Tuesday, December 11, 2018

A Season of Giving


                Christmas is known as a season of giving among Christians and others although Christ Himself exhorted His followers to make “giving” a daily way of life.  Much of what now fills my little duplex came from my husband—store bought or handcrafted.  These represent to me that real, meaningful gift-giving is an art.  It is not about black Fridays, green Mondays or purple Thursdays although shoppers can purchase good gifts on sale at times.  My husband was not a shopper and cared nothing about finding “good deals.”  But he did excel in gift-giving that comes from the heart.

                The occasions are rare when he experienced mission failure.  But when he risked getting out of his areas of expertise, he was in trouble.  For example, it would be foolish for me to have purchased a baseball bat for our son and then our grandson.  And so early in our married life when my husband went to a clothing store to find a gift for me, he should have known he was on shaky ground.  He knew nothing about choosing stylish or flattering clothing other than lingerie and ruffled umbrellas. He could have sought assistance from more knowledgeable people, but he did just the opposite.  He took a childhood friend equally style-challenged and a student he befriended, funny, developmentally disabled and scary looking if you didn’t know him.  Think Boo Radley on steroids.  Once we took him to a Cardinal baseball game and by its end, cleared out a whole section of fans up high in Busch Stadium with Ron’s loud talking and bag popping.

                Moving on, now think of the ugliest polyester pants suit of the 70s era and try to envision one even worse.  Thank God the three amigos’ selection did not fit and “sadly” had to be returned.  The pants were innocent enough in solid black.  It was the top that stole the show.  It blended the black color with a boring tan; this tan covered the bodice area to a fitted waist.  From there it flared out into sections shaped like little flags alternating black and tan from the waist to the top of the legs.  I would lack only a tall hat and baton to lead a marching band with ugly school colors.  I tried to be gracious but Jim never bought me another piece of clothing again.

                Perhaps on our first Christmas as Mr. and Mrs., we each bought gifts that are telling as I look back on them now.  Unaware we had the same idea, we purchased nativity scenes, maybe even then recognizing something genuine and important about the Christian faith we practiced in different ways.  Our marriage ceremony itself demonstrated our experiences with both Catholic and Protestant ministers and traditions.  Now, as I write this, I see the one nativity set, the standard manger with colored characters and animals surrounding baby Jesus.  One year, young Henry set a wise man free as he crawled under the tree to get a closer look, a man I had to individually place on his spot of dried glue again this year.  Under every tree this set has taken its place each Christmas.
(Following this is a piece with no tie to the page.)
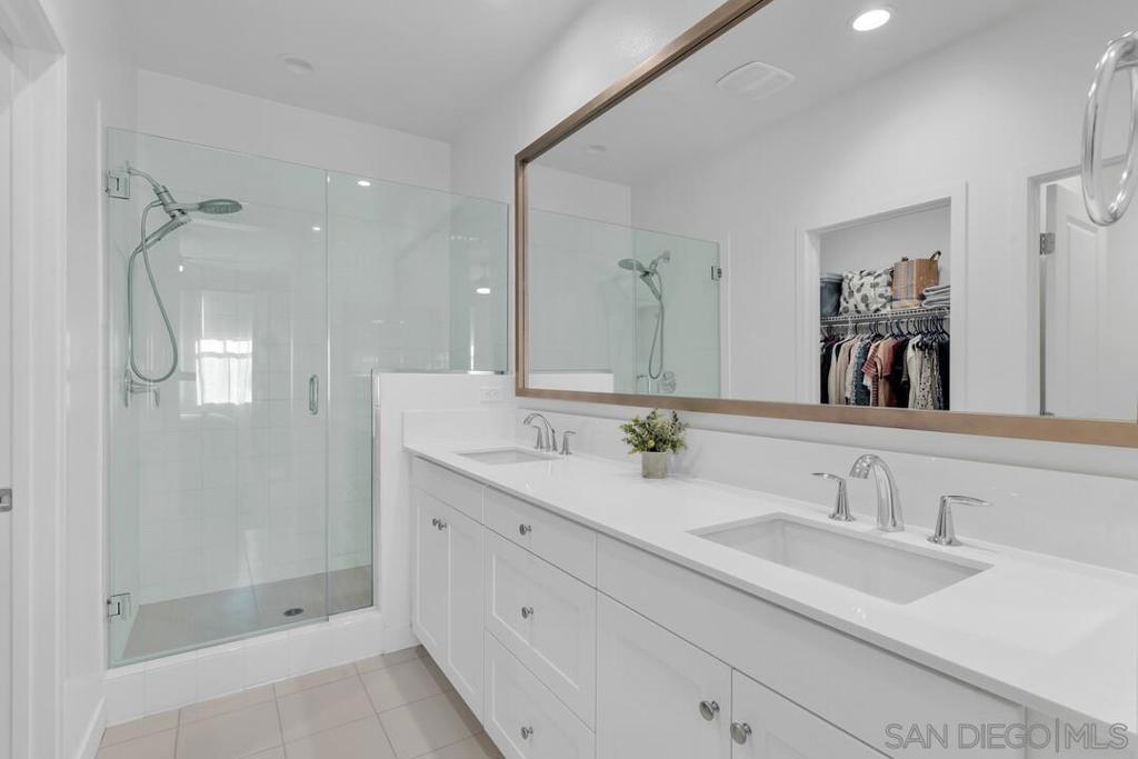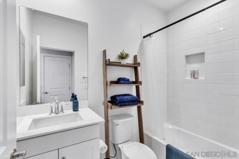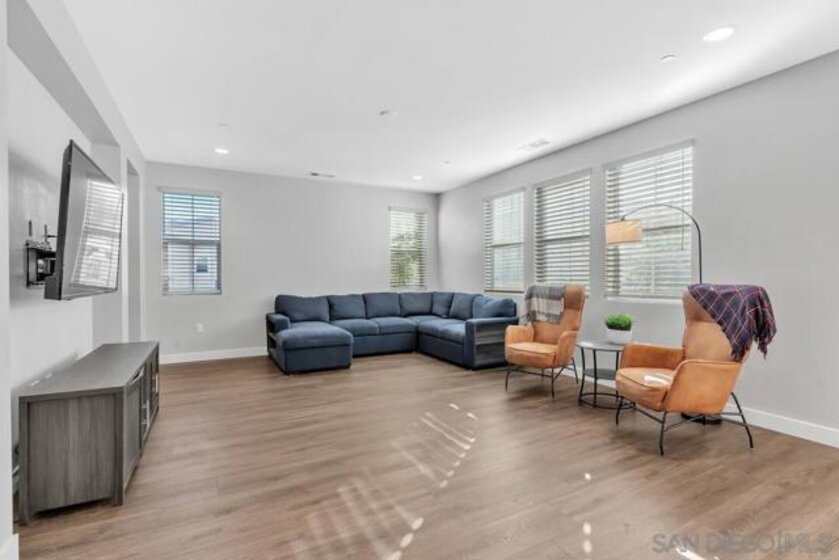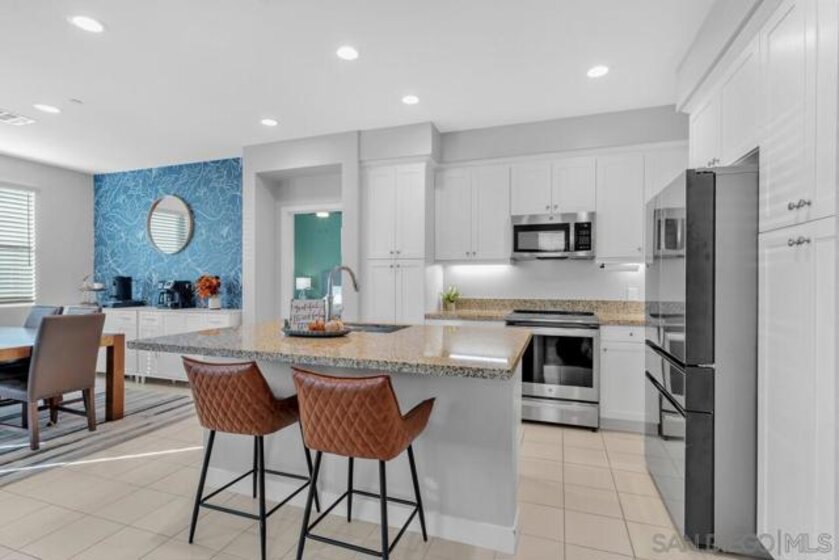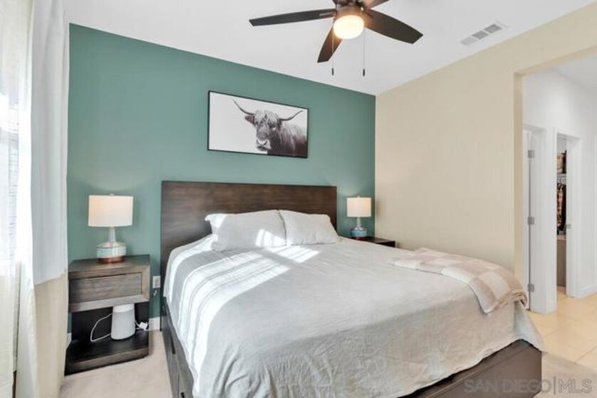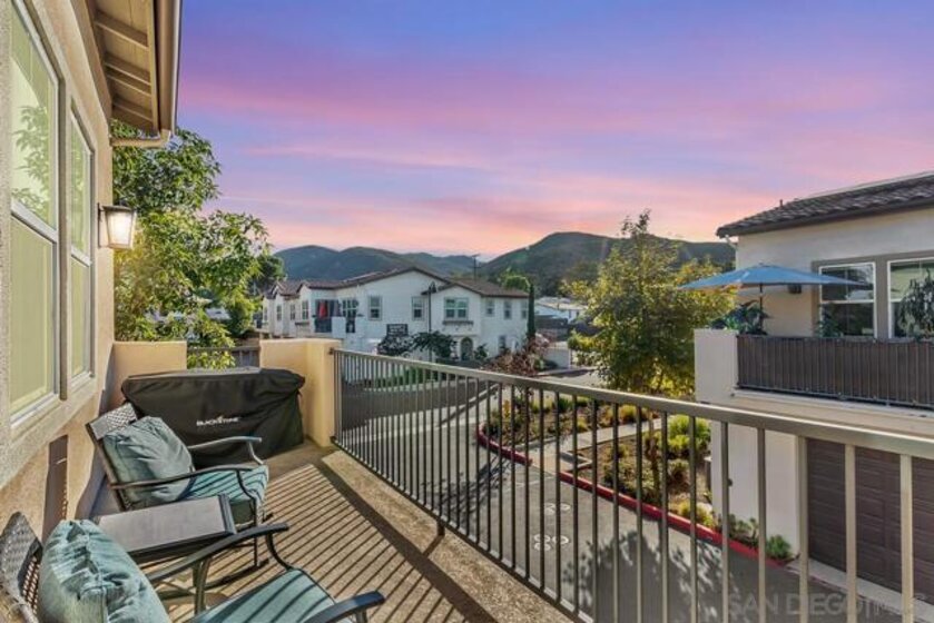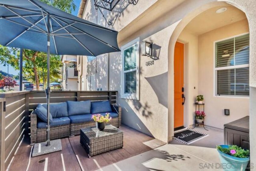 Welcome to the Ariana community. This end-unit townhome, built in 2020, has been beautifully maintained and features 3 bedrooms and 3 bathrooms, blending modern design, comfort, and eco-friendly upgrades. Enjoy an open-concept living space with brand-new LVP flooring, plush carpeted bedrooms, and plenty of natural light. The gourmet kitchen features an induction stove and under-sink alkaline water system, and connects seamlessly to the spacious dining and living areas — perfect for entertaining or relaxing at home. The primary suite offers a walk-in closet, while the first-floor bedroom, which also includes a walk-in closet, provides flexibility for guests or a home office. Step outside to your west-facing porch with beautiful mountain views, or enjoy your private front yard with turf and stamped concrete patio. This home is packed with smart and sustainable features, including 6 owned solar panels, 2 Tesla batteries, and 8 additional panels, giving you peace of mind to run your A/C freely. Additional highlights include a whole-house fan, Nest thermostat, and fiber-optic internet. The attached two-car garage offers convenient storage racks, and residents can enjoy a low monthly HOA with community amenities such as barbecue areas and corn hole. Ideally located near Mission Trails, Cowles Mountain, major shopping centers, and many restaurants — this home is a perfect fit for today’s lifestyle.

                The other set was very different in appearance, occupying various locations in several homes over the years.  Each figure and animal is separate, made to look like carved wood, no color just various grains.  This year it is on top of the piano with a new and wonderful addition.  I recently purchased a metal star outline raised up about ten inches on a little pole all covered in tiny lights and mounted on a wooden block.  With the simple touch of a switch, it all lights up.  I had not realized it would be perfect behind Mary, Jesus and Joseph when I bought it.

                One definition of the word give is “to present voluntarily and without expecting compensation; bestow.”  From the ugly pantsuit and nativity scenes through many years together, I think my husband and I both sought to be giving people and bestow gifts of meaning and value.  Of course, it is the love in the gift and behind its selection that makes such offerings a real art.